Gençlere yönelik tavsiyelerde de bulunan Memiş, çaldıkları, ilgilendikleri müzik enstrümanlarına dair eğitim almalarının önemli olduğunu söyledi. Memiş, “Gençlerde yapılan işlere çok ilgililer. Türkülerini, bu türkülere eşlik eden müzik aletlerini araştırıyor. Bizim standa da gelince ilgileri daha çok artıyor.  Zurna çok zor çalınan bir enstrüman, Özellikle müzik aletlerini öğrenirken usta çırak ilişkisi tabi ki olacak. Ama bunun yanı sıra okulunu bitirirse, okulunu da güzel alırsa enstrümanı daha iyi çalar.  O yüzden benim şimdiki gençlere naçizane tavsiyem, okulunu mutlaka okumaları lazım” ifadelerinde bulundu.
 
“ÇANAKKALE’NİN İLGİSİ BİZİ AYRICA MUTLU ETTİ”

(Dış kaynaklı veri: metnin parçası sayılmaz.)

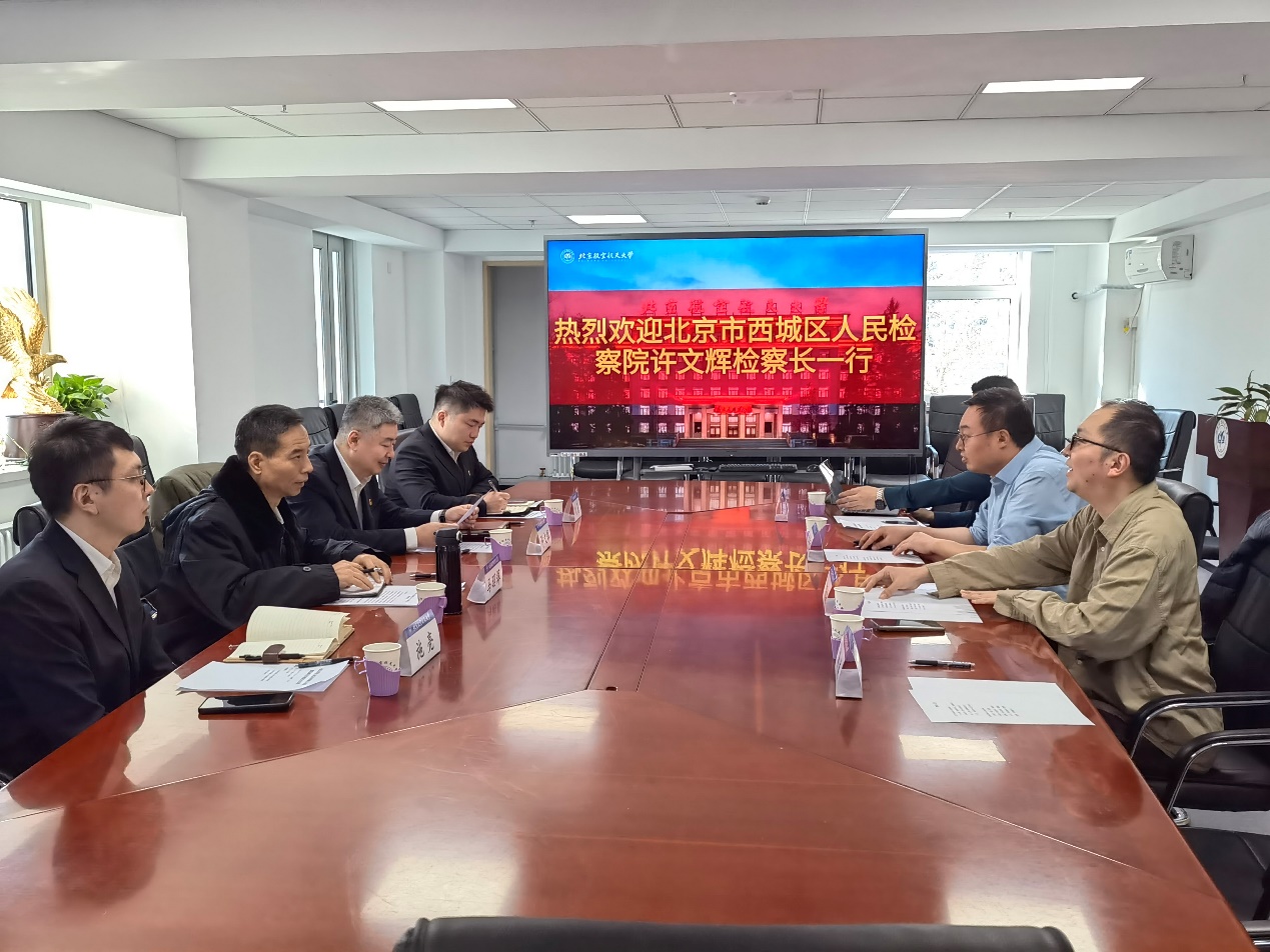 3月6日(周四)10时许,恰逢春暖花开之际,我院与北京市西城区人民检察院战略合作座谈会在9号楼201会议室顺利举办。参加本次座谈会的有:北京市西城区人民检察院党组副书记、副检察长许文辉,检委会专职委员马昭辉,第八检察部副主任施亮,政治部一级主任科员刘磊;北京航空航天大学法学院院长泮伟江教授,党委副书记邹沛东老师,院务委员吉冠浩副教授,院长助理赵精武副教授,院长助理李游副教授。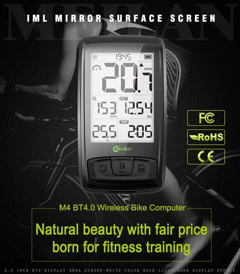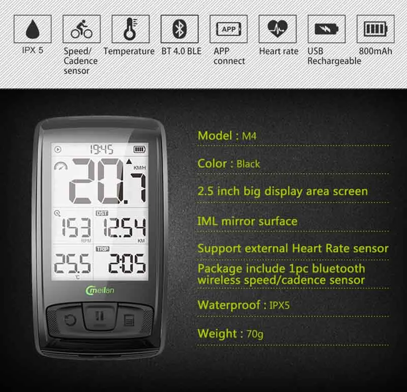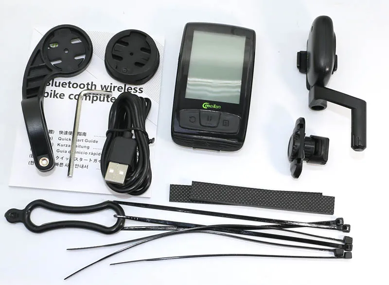1 х велосипедный компьютер Meilan M41 x Беспроводная скорость + частота вращения1 х Подарочная коробка; 1 * USB кабель для зарядки; 2 * фиксированный держатель; 2 * магниты

Kültür ve Turizm Bakanlığı’nın el sanatçılarına sahip çıkmasının kendisini çok mutlu ettiğini ifade eden Memiş, “Hocalarımızın müracaatı ile Ankara Kültür Bakanlığına müracaat ettik. Bakanlıktan gelen uzmanlar yaptıkları incelemelerin ardından atölyemizi de yerinde gördükten sonra, yaptığımız imalatları izlediler.  Uzmanlar, yaptıkları değerlendirmelerin ardından bu işi iyi yaptığımıza kanaat getirerek bakanlık bünyesinde sanatçı kartını bize çıkardılar.  Sanat yolculuğumuz bu şekilde devam ediyor.  Çanakkale’de de festival olduğu söylenerek davet edildik.  Çanakkale’nin ilgisi ve alakası da bizi ayrıca mutlu etti” şeklinde konuştu.